+++ Recorded information +++

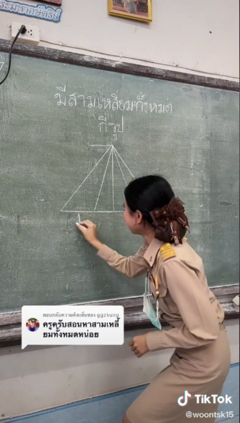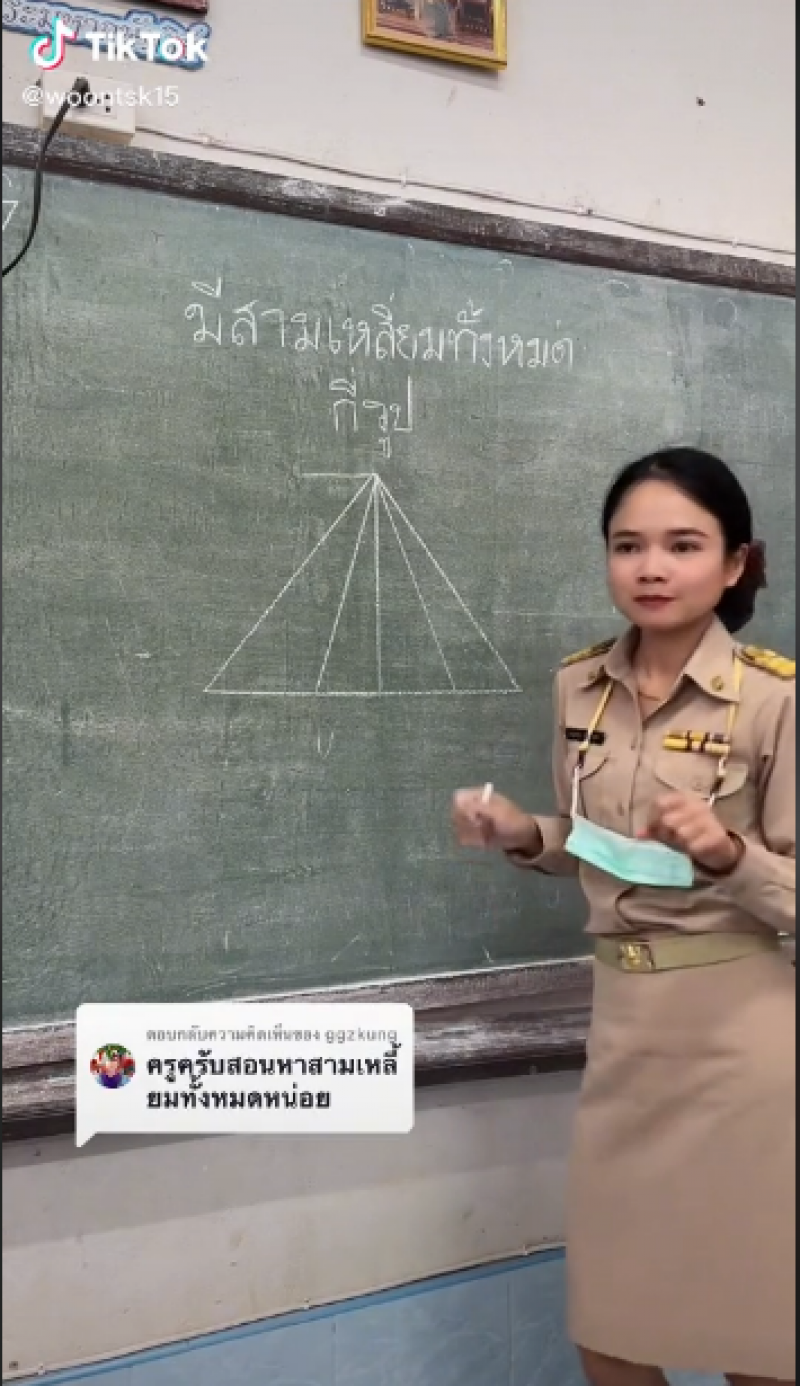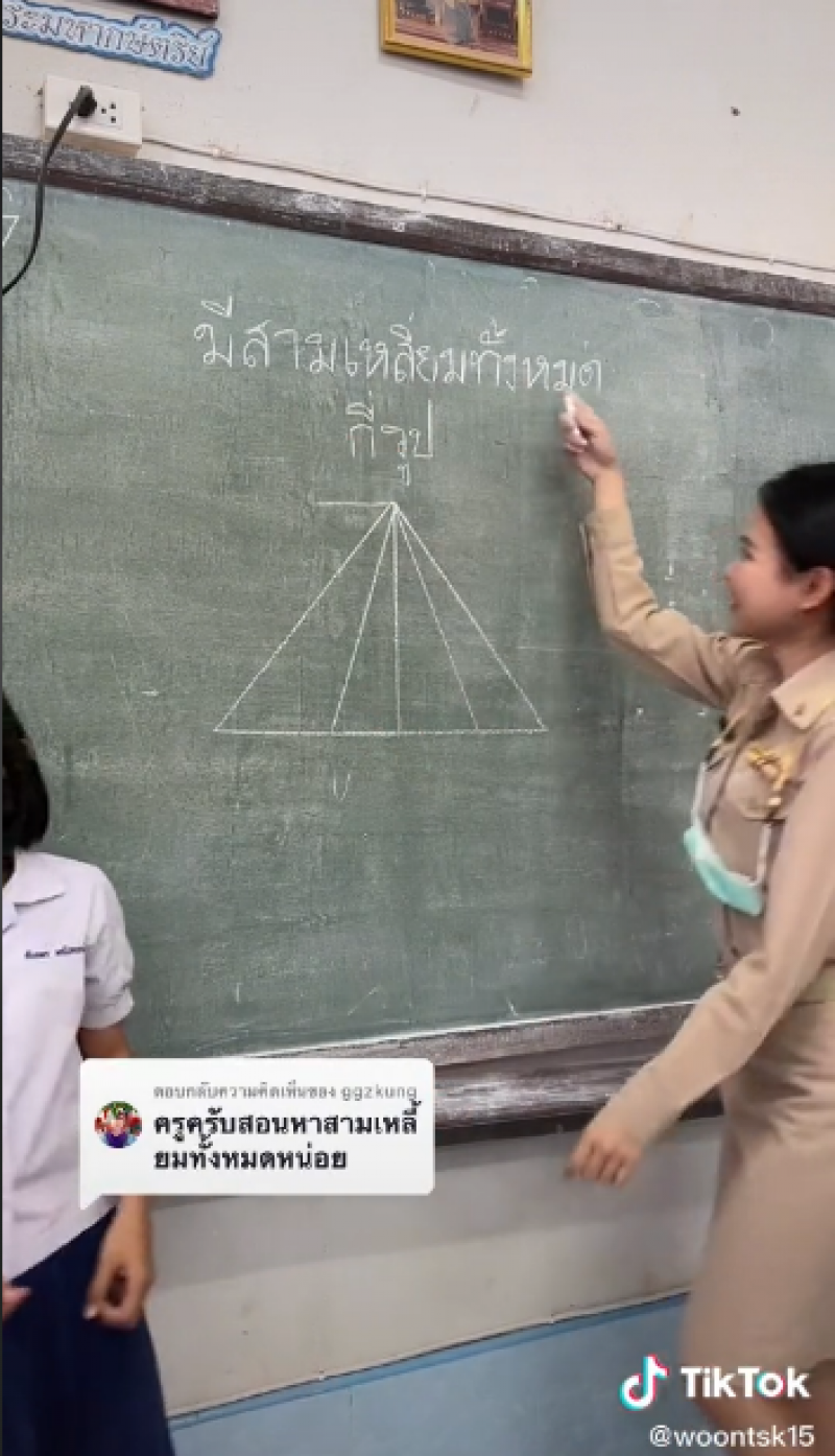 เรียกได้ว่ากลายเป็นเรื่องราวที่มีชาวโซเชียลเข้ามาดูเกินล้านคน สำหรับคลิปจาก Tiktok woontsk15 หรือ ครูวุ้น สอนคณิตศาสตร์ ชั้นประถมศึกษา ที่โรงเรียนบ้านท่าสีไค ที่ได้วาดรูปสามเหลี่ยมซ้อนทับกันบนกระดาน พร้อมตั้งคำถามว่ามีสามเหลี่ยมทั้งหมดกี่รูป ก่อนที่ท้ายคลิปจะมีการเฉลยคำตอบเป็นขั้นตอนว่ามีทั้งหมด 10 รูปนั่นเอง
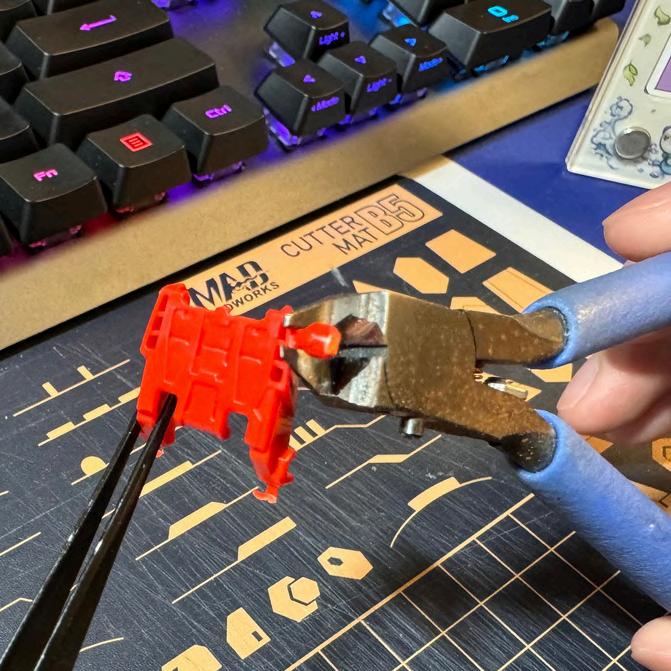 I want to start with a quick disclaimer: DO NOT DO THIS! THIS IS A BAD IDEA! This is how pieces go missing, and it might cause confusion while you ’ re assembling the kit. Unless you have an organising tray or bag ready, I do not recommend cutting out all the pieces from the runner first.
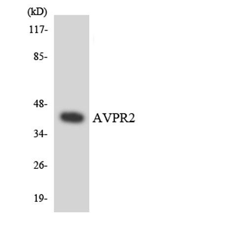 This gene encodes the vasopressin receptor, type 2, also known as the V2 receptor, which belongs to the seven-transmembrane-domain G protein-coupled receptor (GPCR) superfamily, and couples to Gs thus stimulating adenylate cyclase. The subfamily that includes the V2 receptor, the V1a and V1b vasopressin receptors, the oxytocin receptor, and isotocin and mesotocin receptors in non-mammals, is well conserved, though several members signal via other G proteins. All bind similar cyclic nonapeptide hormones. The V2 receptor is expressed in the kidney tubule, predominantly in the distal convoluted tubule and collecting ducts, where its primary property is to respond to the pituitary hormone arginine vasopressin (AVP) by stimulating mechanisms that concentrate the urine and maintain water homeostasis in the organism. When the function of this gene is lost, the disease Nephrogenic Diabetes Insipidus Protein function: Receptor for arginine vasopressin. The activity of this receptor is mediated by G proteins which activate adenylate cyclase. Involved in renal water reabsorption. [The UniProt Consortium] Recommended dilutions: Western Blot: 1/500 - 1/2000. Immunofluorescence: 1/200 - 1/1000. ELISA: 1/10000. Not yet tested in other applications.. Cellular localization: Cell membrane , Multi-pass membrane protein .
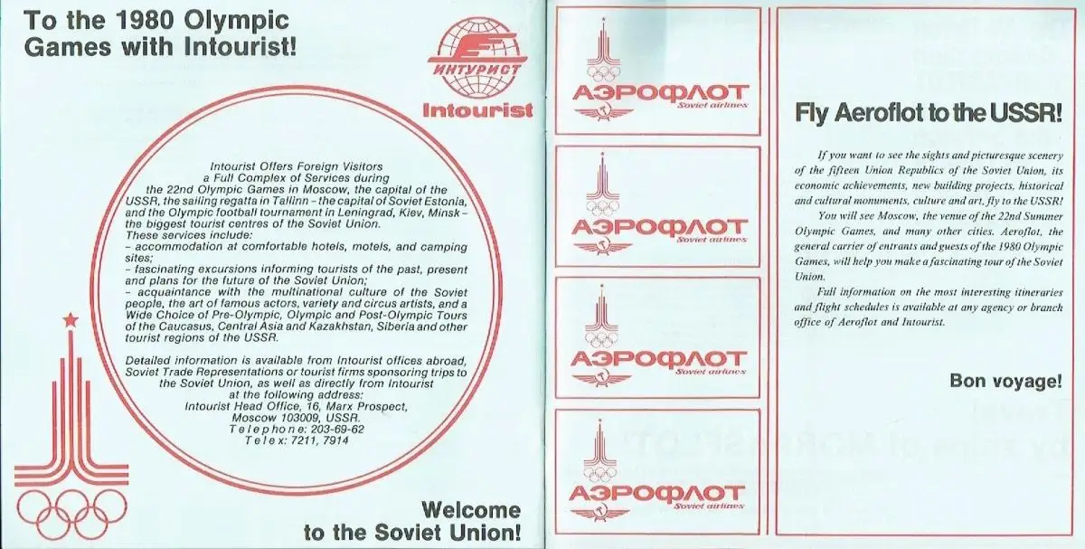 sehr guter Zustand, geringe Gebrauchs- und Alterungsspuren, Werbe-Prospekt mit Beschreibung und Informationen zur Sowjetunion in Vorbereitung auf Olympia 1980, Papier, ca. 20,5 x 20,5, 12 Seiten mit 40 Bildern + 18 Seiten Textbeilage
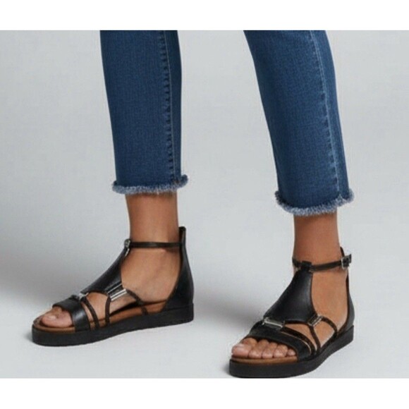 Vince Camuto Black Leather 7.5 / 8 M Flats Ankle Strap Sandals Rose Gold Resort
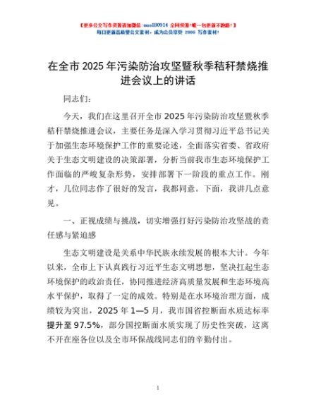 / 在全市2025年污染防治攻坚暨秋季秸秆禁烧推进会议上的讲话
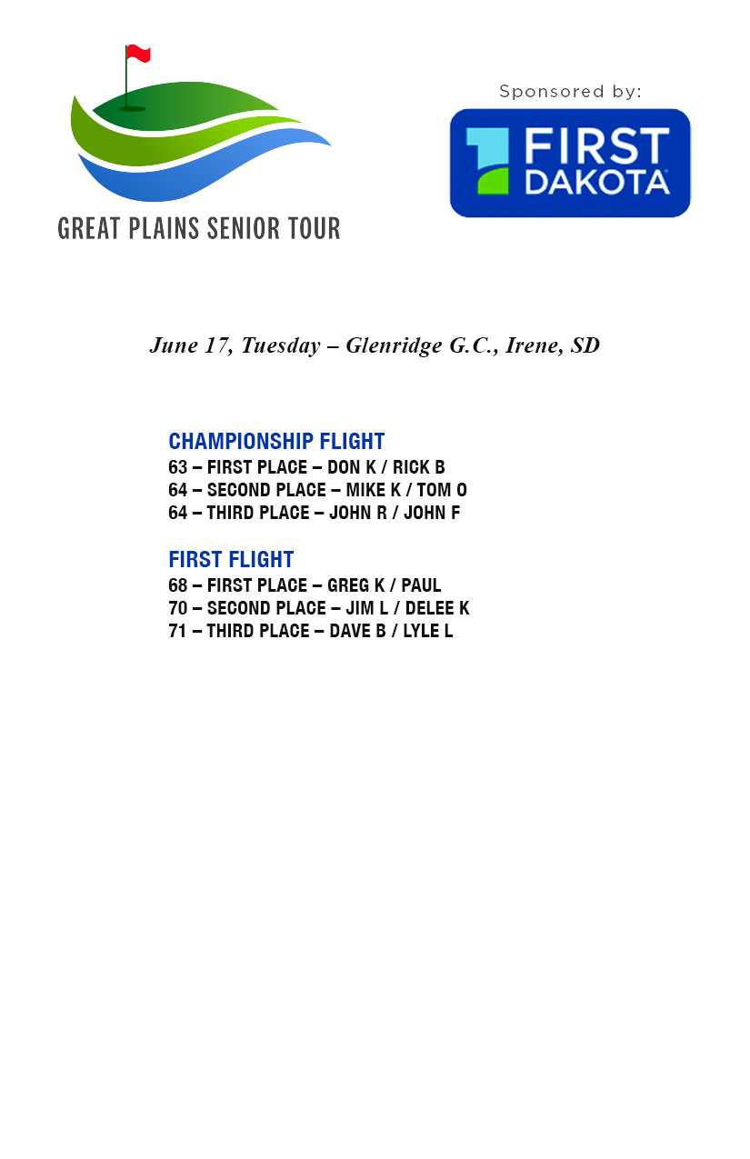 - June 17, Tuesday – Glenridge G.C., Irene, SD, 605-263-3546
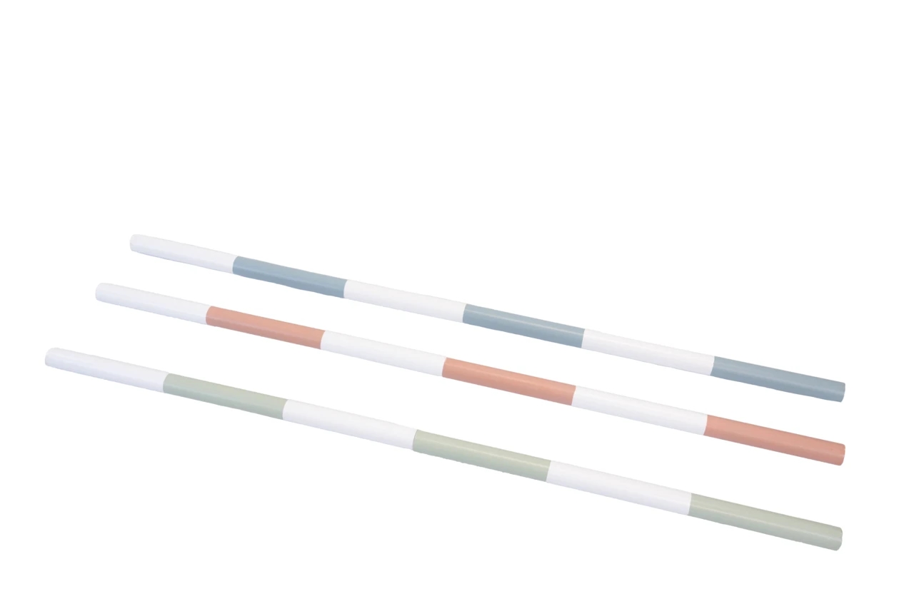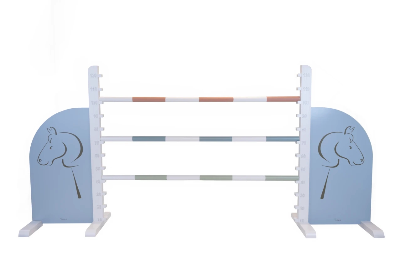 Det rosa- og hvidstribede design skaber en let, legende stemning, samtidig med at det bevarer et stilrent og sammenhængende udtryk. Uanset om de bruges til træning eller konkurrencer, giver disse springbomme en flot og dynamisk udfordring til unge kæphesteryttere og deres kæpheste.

+++

**Task prompt:** Reproduce each entry precisely; the pictures stay out.

**Response area:**
 เรียกได้ว่ากลายเป็นเรื่องราวที่มีชาวโซเชียลเข้ามาดูเกินล้านคน สำหรับคลิปจาก Tiktok woontsk15 หรือ ครูวุ้น สอนคณิตศาสตร์ ชั้นประถมศึกษา ที่โรงเรียนบ้านท่าสีไค ที่ได้วาดรูปสามเหลี่ยมซ้อนทับกันบนกระดาน พร้อมตั้งคำถามว่ามีสามเหลี่ยมทั้งหมดกี่รูป ก่อนที่ท้ายคลิปจะมีการเฉลยคำตอบเป็นขั้นตอนว่ามีทั้งหมด 10 รูปนั่นเอง
 I want to start with a quick disclaimer: DO NOT DO THIS! THIS IS A BAD IDEA! This is how pieces go missing, and it might cause confusion while you ’ re assembling the kit. Unless you have an organising tray or bag ready, I do not recommend cutting out all the pieces from the runner first.
 This gene encodes the vasopressin receptor, type 2, also known as the V2 receptor, which belongs to the seven-transmembrane-domain G protein-coupled receptor (GPCR) superfamily, and couples to Gs thus stimulating adenylate cyclase. The subfamily that includes the V2 receptor, the V1a and V1b vasopressin receptors, the oxytocin receptor, and isotocin and mesotocin receptors in non-mammals, is well conserved, though several members signal via other G proteins. All bind similar cyclic nonapeptide hormones. The V2 receptor is expressed in the kidney tubule, predominantly in the distal convoluted tubule and collecting ducts, where its primary property is to respond to the pituitary hormone arginine vasopressin (AVP) by stimulating mechanisms that concentrate the urine and maintain water homeostasis in the organism. When the function of this gene is lost, the disease Nephrogenic Diabetes Insipidus Protein function: Receptor for arginine vasopressin. The activity of this receptor is mediated by G proteins which activate adenylate cyclase. Involved in renal water reabsorption. [The UniProt Consortium] Recommended dilutions: Western Blot: 1/500 - 1/2000. Immunofluorescence: 1/200 - 1/1000. ELISA: 1/10000. Not yet tested in other applications.. Cellular localization: Cell membrane , Multi-pass membrane protein .
 sehr guter Zustand, geringe Gebrauchs- und Alterungsspuren, Werbe-Prospekt mit Beschreibung und Informationen zur Sowjetunion in Vorbereitung auf Olympia 1980, Papier, ca. 20,5 x 20,5, 12 Seiten mit 40 Bildern + 18 Seiten Textbeilage
 Vince Camuto Black Leather 7.5 / 8 M Flats Ankle Strap Sandals Rose Gold Resort
 / 在全市2025年污染防治攻坚暨秋季秸秆禁烧推进会议上的讲话
 - June 17, Tuesday – Glenridge G.C., Irene, SD, 605-263-3546
 Det rosa- og hvidstribede design skaber en let, legende stemning, samtidig med at det bevarer et stilrent og sammenhængende udtryk. Uanset om de bruges til træning eller konkurrencer, giver disse springbomme en flot og dynamisk udfordring til unge kæphesteryttere og deres kæpheste.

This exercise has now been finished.